__Your instructions__
When you return the lines below, go from the first through the line with "عناصر تنظيم القاعدة", keep them exact, and leave out every picture.

__Supplied material__
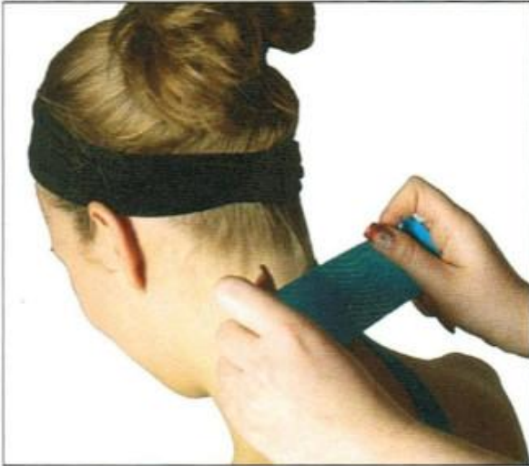
Tape zur Stabilisierung des Überganges HWS-BWS

Grundkenntnisse über kinetisches Taping - Bei "Physiocoach" oder anderen Anbietern erworben Muskeln bilden unseren "Aktiven Bewegungsapparat" und haben dabei eine Vielzahl an Aufgaben. Welche dies sind und wie mit speziellen Tests der zielgenaue Einsatz der Tapes gefunden werden kann sind die Inhalte dieses Kurses.
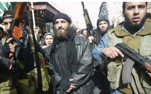
عناصر تنظيم القاعدة

سبب عدم رضاهم عن الحكام العرب فإن الجهاديين المسلمين، الذين جسدهم زعيم تنظيم «القاعدة» السابق أسامة بن لادن، فهم يعتقدون ان الطريق للعودة إلى العصر الذهبي للإسلام والمجتمع الإسلامي يكمن في الحزب المقدسة وللجماعة الإسلامية في لبنان.

__Written solution__
Tape zur Stabilisierung des Überganges HWS-BWS

Grundkenntnisse über kinetisches Taping - Bei "Physiocoach" oder anderen Anbietern erworben Muskeln bilden unseren "Aktiven Bewegungsapparat" und haben dabei eine Vielzahl an Aufgaben. Welche dies sind und wie mit speziellen Tests der zielgenaue Einsatz der Tapes gefunden werden kann sind die Inhalte dieses Kurses.
عناصر تنظيم القاعدة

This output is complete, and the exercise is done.